Speaking to genre, one would be hard-pressed to ascribe one to “Search Party.” As much a laugh-out-loud satire as it is a genuinely frightening mystery-turned-murder-mystery, it blurs lines of classification like tie-dye. A sort of modern, Brooklyn-set “Hardy Boys,” the core cast is led by Alia Shawkat, John Early, John Reynolds, and Meredith Hagner, each of whom has been paramount in defining both the writing and timbre of the series since Day 1.
“People will describe the tone to us, and I’m always like, ‘That’s interesting!’ ” says Rogers. “I feel like people have a relationship to the tone of the show that’s different from our relationship to it. Looking from the outside in, it feels like a more strategic approach, but for us, it’s always been about the characters and how they’re reacting emotionally to extreme situations. Because they’re funny, extreme characters, they’re going to have funny, extreme reactions, but we have to treat that realistically, otherwise it won’t be suspenseful or scary or mysterious. It’s really about putting extreme people in extreme situations and then trying to treat it as emotionally real as possible.”
And that’s only gotten truer with each passing episode and season. As Bliss adds, “When you know the actors’ strengths and what they’re so good at and know how to do, it flows a lot more easily when you’re writing for them.”
The series begins with Dory (Shawkat), an aimless 20-something who becomes obsessed with a former classmate who’s gone missing, the seeds of which are rooted in millennial yore: “The search for meaning in your life and that being the most important thing and how that then becomes all about yourself,” says Bliss. “It becomes more narcissistic, finding meaning when there wasn’t any to begin with.”
With Season 2 focusing on the core-four’s covering of and fallout from a murder, the third installment of episodes depicts the very real adult consequences of their actions. And since the series has already been renewed for a subsequent fourth season, the characters’ growing up will continue to coincide with that of the creators’—murder aside.

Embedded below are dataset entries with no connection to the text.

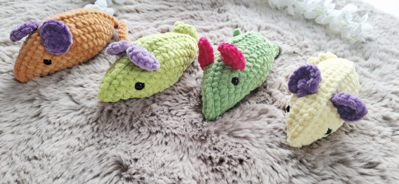 Myszka została zrobiona włąsnoręcznie na szydełku z włóczki. Skład włóczki: 55% Bawełna 45% Akryl.  Myszka dostępna na zamównie z terminem oczekiwania 5-7 dni roboczych.  W uwagach do zamówienia prosze wpisac kolor myszki.
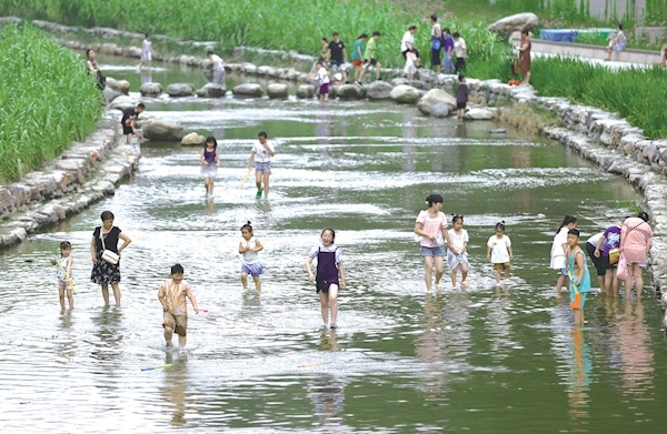 百二河波光粼粼,吸引众多市民消暑。图/记者张启国
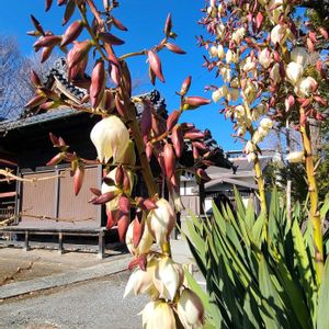 ユッカ ドッグラン隣接の植物園で。 トゲトゲした葉っぱの間から、花茎を伸ばして、鈴のような花が咲いていました。 次々と成長する様子から、青年の木とも呼ばれるそうです。

“Life is just a series of lessons, ideally headed toward some greater self-realization, and I think the creative process is part of that,” says Rogers. “The one lesson I’ve learned is just to make your own stuff. I don’t know that anyone has really ever asked me to make anything without me having made something first. Just constantly trying to express yourself and understand yourself through it, and it helps other people to understand what you’re made of.”